Giyimi mevsime, hava ısısına uygun olmalı.
Çocuğun sağlığı izlenmeli, hastalık belirtisi görüldüğünde doktora gidilmeli.
Diş sağlığına, vücut temizliğine önem verilmeli.
Ev ve trafik kazaları da büyümeyi ve gelişmeyi olumsuz etkileyen
etmenlerdendir. Savaşlar da çocukların gelişimini olumsuz yönde
etkilemektedir.
Aile: Aile, çocuğun doğumdan sonraki ilk çevresi olması nedeniyle çok
önemlidir.
! Sağlıklı ilişkilerin kurulduğu mutlu bir ailede doğan çocuk kendisini güvende
hisseder. Mutlu ailelerin çocuklarının da mutlu olma olasılığı yüksektir.
Sosyo-ekonomik ve kültürel düzey: Ailenin çocuğa değişik uyarıcılar
sunabilmesi sosyo-ekonomik düzeyi ile ilişkilidir. Örneğin; sosyo-ekonomik
düzeyi yüksek olan bir ailenin çocuğu değişik yerlere götürerek değişik
uyarıcılarla karşılaştırma olasılığı sosyo-ekonomik düzeyi düşük olan aileye
göre daha çoktur. Ailelerin sosyo-ekonomik ve kültürel düzeyi çocukların kişilik
gelişimlerinde de etkili olabilir.
Eğitim: Eğitim, okul öncesi eğitimde yaygınlaşmasıyla çocukların gelişimi
üzerinde neredeyse doğumdan itibaren etkili olmaktadır. Eğitim etmeninin
niteliğinde öğretmenin büyük rolü vardır. Öğrencilerini ayrı bireyler olarak
gören ve öğrenmeyi güdülendiren, derste etkin kılmaya çalışan ve onlara
kendilerini değerlendirme olanağı tanıyan öğretmenler öğrencilerinin bedensel,
devrimsel, zihin, dil, duygusal ve sosyal gelişimini olumlu yönde etkiler.

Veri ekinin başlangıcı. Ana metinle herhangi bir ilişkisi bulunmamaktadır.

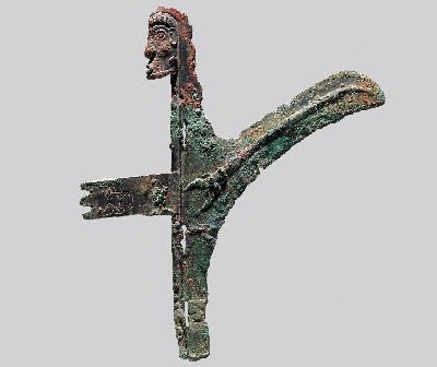 鷹是一些游牧民族崇拜的猛禽,十分威猛。青銅鷹首為軸桿類頂端的飾物,部族首領(lǐng)手執(zhí)桿頭有鷹首的器物以象征權(quán)威和神圣。
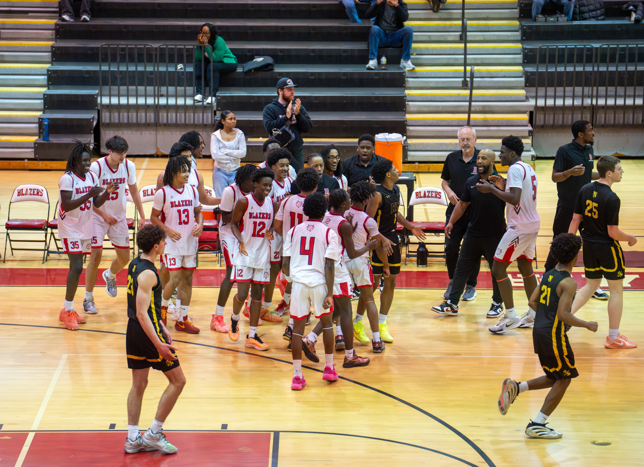 Blair players celebrate after a tight victory
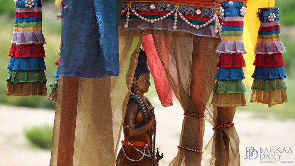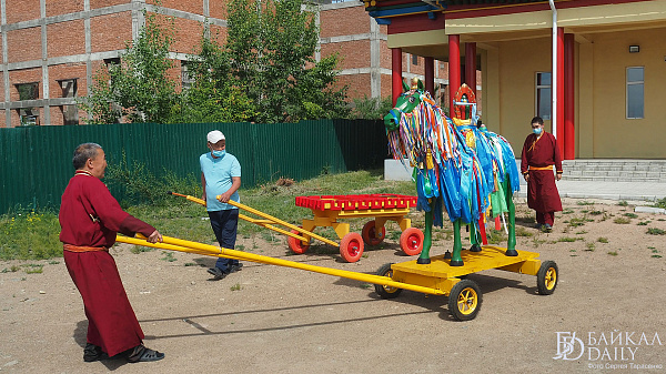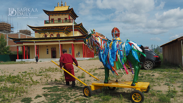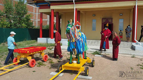 Но в этом году из-за пандемии коронавируса в Иволгинском дацане Бурятии отказались от большого гороо и не стали выносить колесницу и статую Майтреи. Ламы только обошли со статуей Будды будущего Майдари на руках вокруг Согчен дугана.
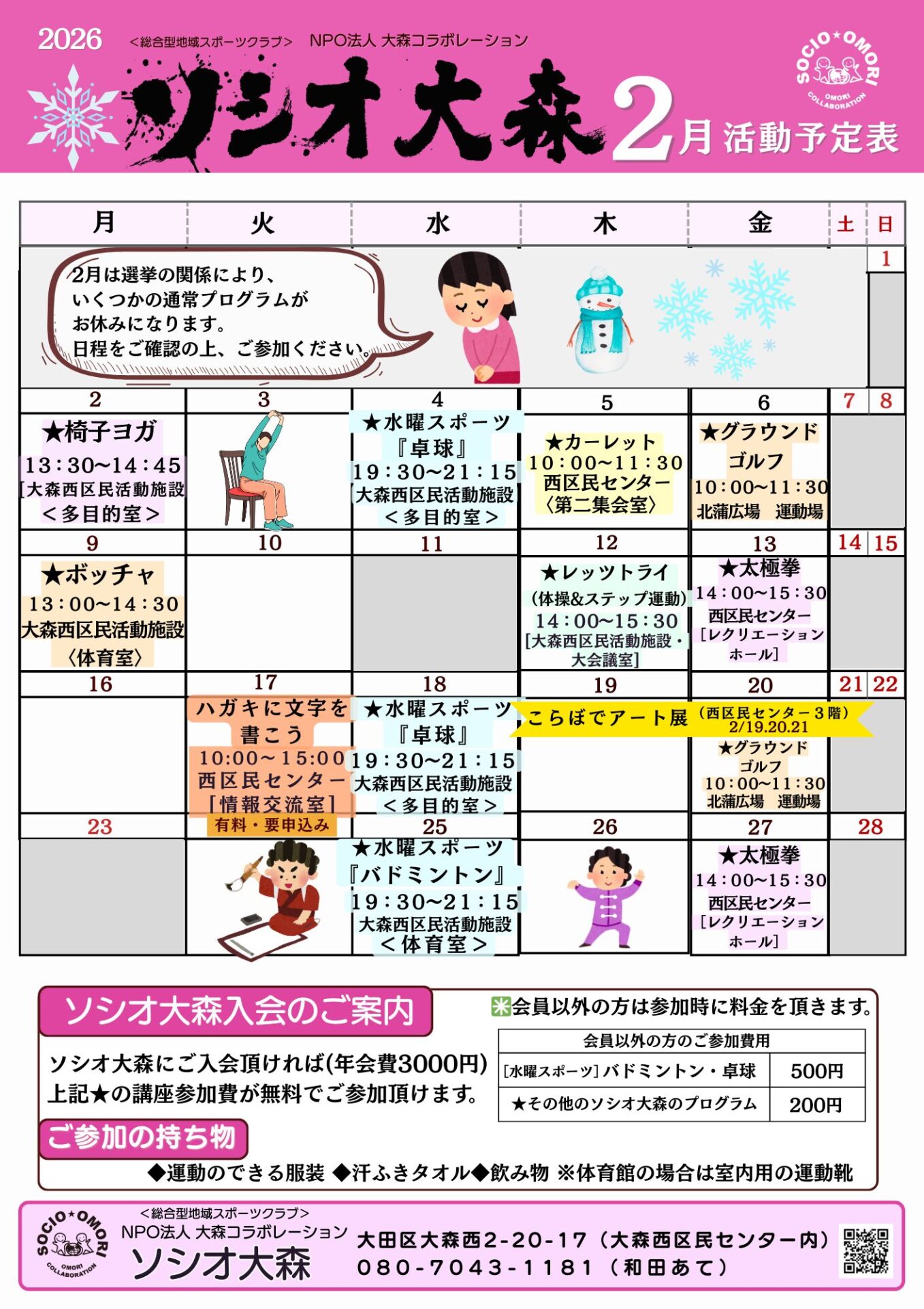 - 2026年度2月のプログラムカレンダーのご案内2026年2月のソシオ大森のプログラムカレンダーをご案内いたします。2月は都合により急遽お休みとなる… 続きを読む: 2026年度2月のプログラムカレンダーのご案内
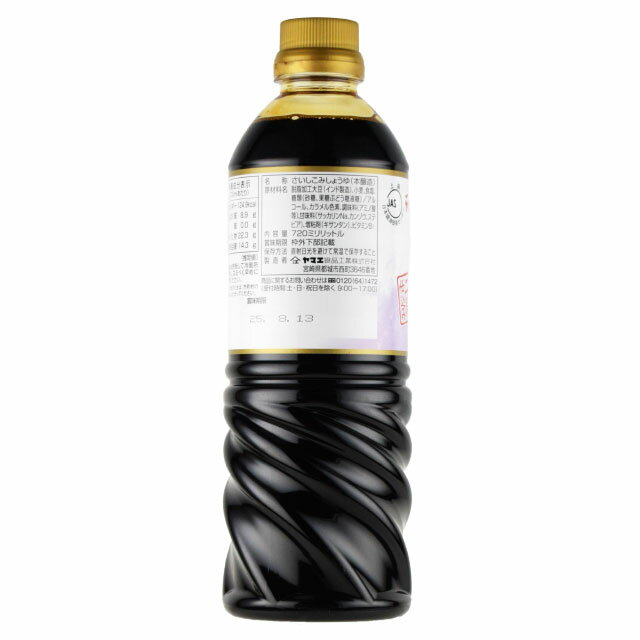 商品詳細 ■商品番号 253863 ■商品種別 本醸造あまくちさしみ しょうゆ ■内容量 720ml ■ ■保存方法 直射日光を避け常温で保存してください。開栓後は出来るだけ冷蔵庫に保存してください。 ■ ■メーカー ヤマエ販売株式会社 ■原材料 脱脂加工大豆(インド製造)、小麦、食塩、糖類(砂糖、果糖ぶどう糖液糖)/アルコール、カラメル色素、調味料(アミノ酸等)、甘味料(サッカリンNa、カンゾウ、ステビア)、増粘剤(キサンタン)、ビタミンB1 コメント 本醸造あまくちさしみは、甘さと香りの強いさしみ醤油でとろみがあり、脂ののった魚にもよく絡みます。 ベースの醤油は二段仕込醤油(再仕込醤油)を使用しています。 甘口の醤油で2段仕込みの醤油を使用している醤油で、製法は本醸造です。 煮炊きに使ったりかけても美味しいです。 だんらん極あまくちよりも粘度が低くなっております。
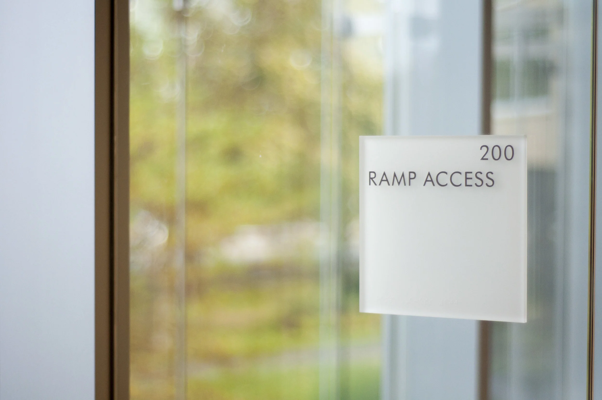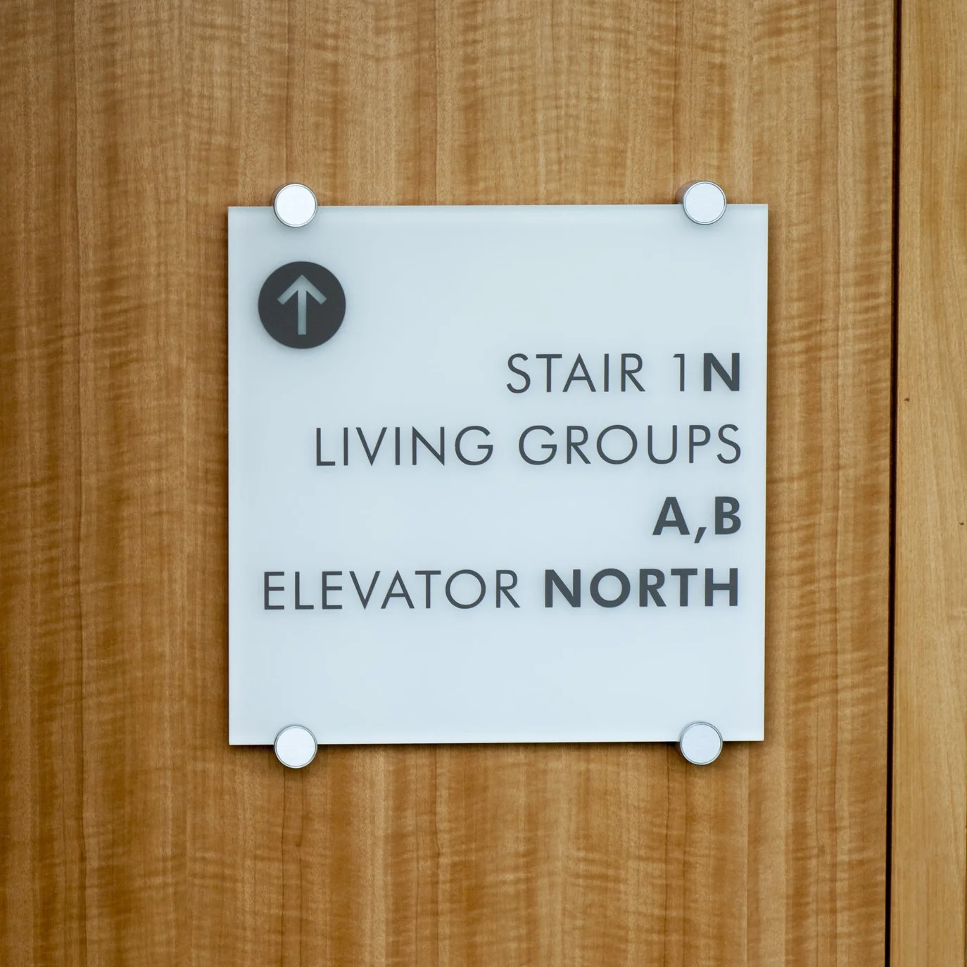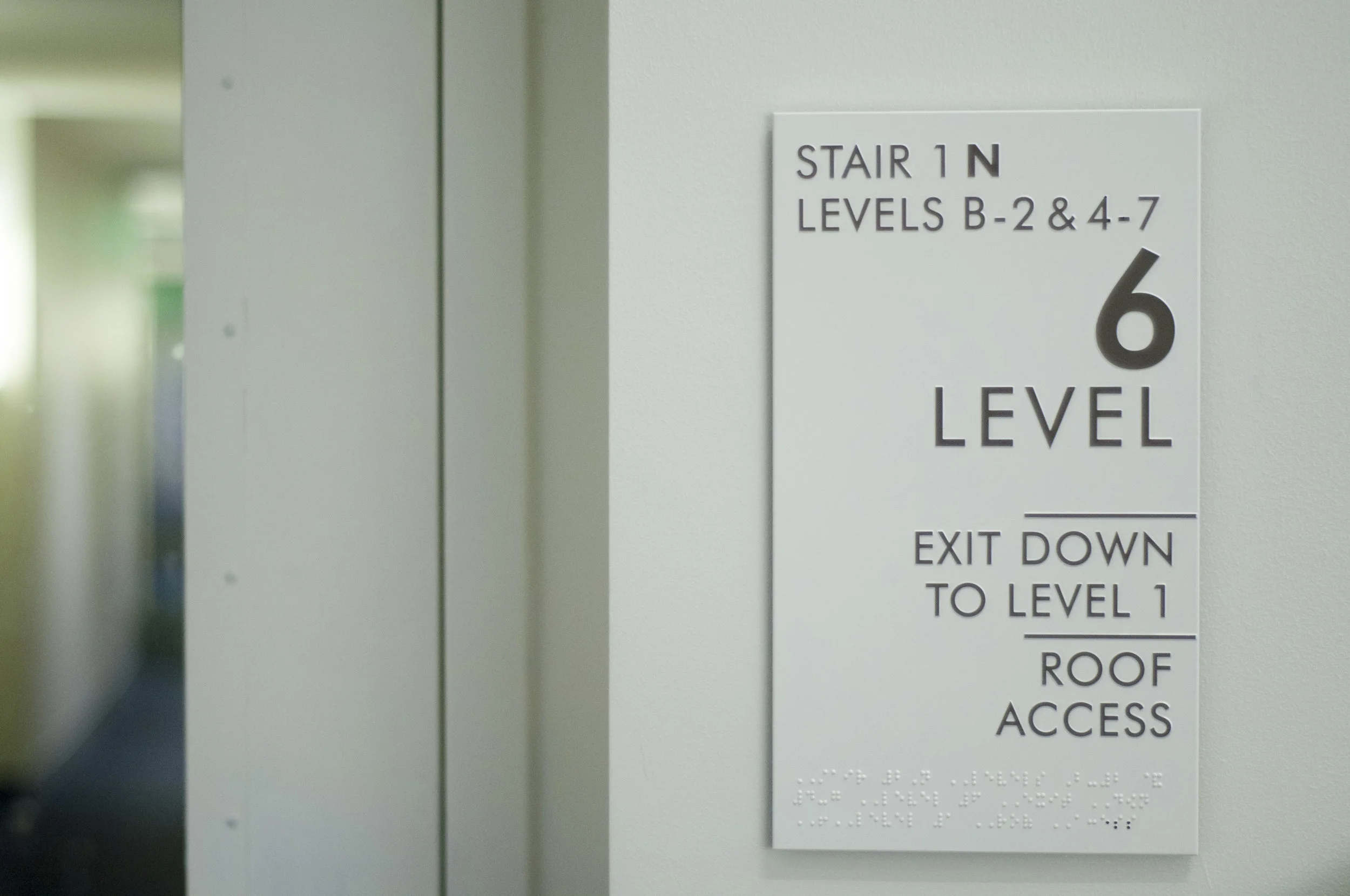 The creation of a comprehensive signage master plan for Harvard's Tata Hall, including tactile maps and directional signage. 3-dimensional block lettering was used to highlight classrooms, living groups, and elevators. Donor Recognition was designed for the main entry area, with individual aluminum letters inlaid into perforated wood panels.
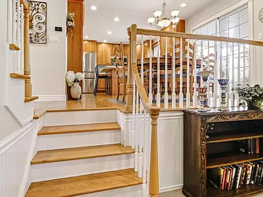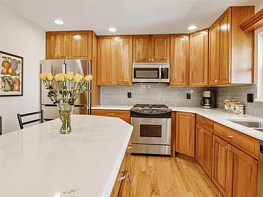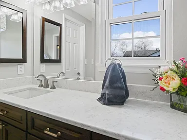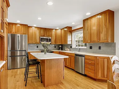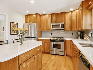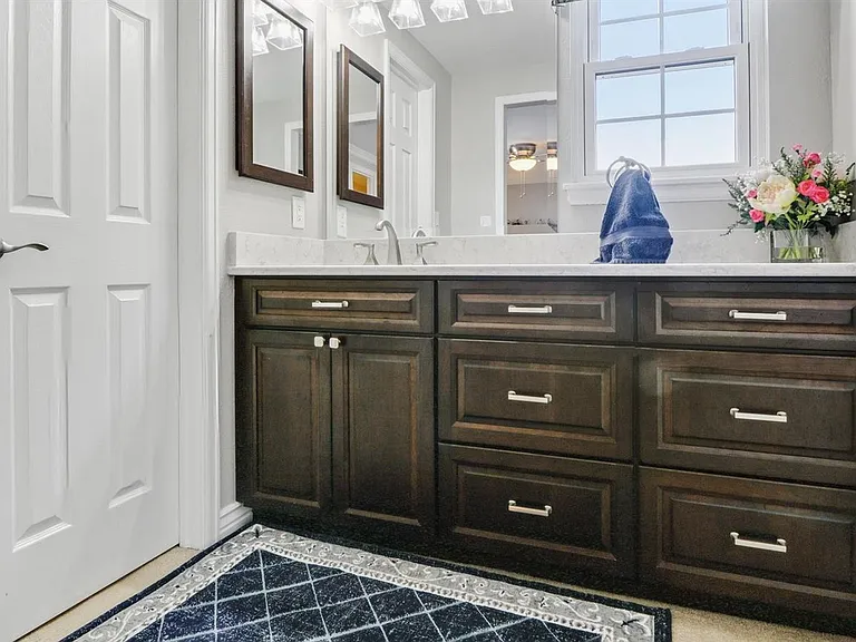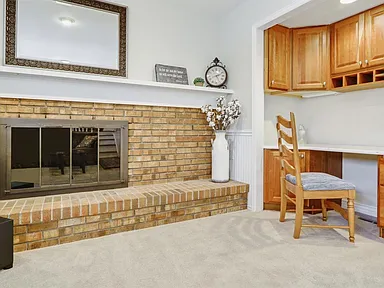 This one is PERFECT in super desirable Homestead Farm! Spotless and meticulously maintained and all the expensive stuff done: newer roof and Champion windows; furnace + AC 2019; sewer line 2022. Faces due South for primo snowmelt! Kitchen with quartz counters, stainless appliances, 42” uppers, pull out trash can; center island and built in custom pantry cupboard, refrigerator stays. Living room flooded with natural light from large, south facing window (space would be great formal dining room or study) has a pocket door to the kitchen. Family room with gas fireplace, built in desk area, plantation shutters.

Arkadaş grupları: Çocuklar arkadaş gruplarında oynarken yaşama ilişkin pek çok
şey öğrenirler. Arkadaşları ile oynarken, konuşurken ve onları gözlerken duygusal
olarak rahatlayabilirler. Buna karşın, arkadaş gruplarının özellikle ergen evresinde
olumsuz etkileri de olabilir. Toplum için zararlı davranış ve alışkanlıklara sahip
arkadaş gruplarına giren çocuklarda bu davranış ve alışkanlıkları gösterebilir. Çünkü,
çocuklar ve ergenler yaşıtlarının yaptığı davranışları yapma eğilimindedirler.
Kitle iletişim araçları: Televizyon, radyo, gazete, dergi ve internet gibi kitle
iletişim araçlarını çocukların gelişimini hem olumlu hem de olumsuz olarak
etkilemektedir. Televizyon çocukların gelişimini özellikle reklamlar ve çizgi film
yoluyla etkilemektedir. Örneğin; televizyondaki güzel bir süt reklamı çocukları süt
içmeye özendirerek olumlu, güzel bir çikolata reklamı çocukların çikolatayı fazla
tüketmesine neden olarak olumsuz etki göstermektedir.
İnternet yoluyla çocuklar ve gençler değişik insanlar tanıyarak sosyalleşmekte
değişik uyarıcılarla karşılaşarak ve bilgiler edinerek zihinlerini ve dillerini
geliştirmekte; bununla birlikte,yaşlarına uygun olmayan yayınları izleyerek duygusal
ve sosyal gelişimleri yönünden olumsuz özelliklere sahip olabilmektedirler.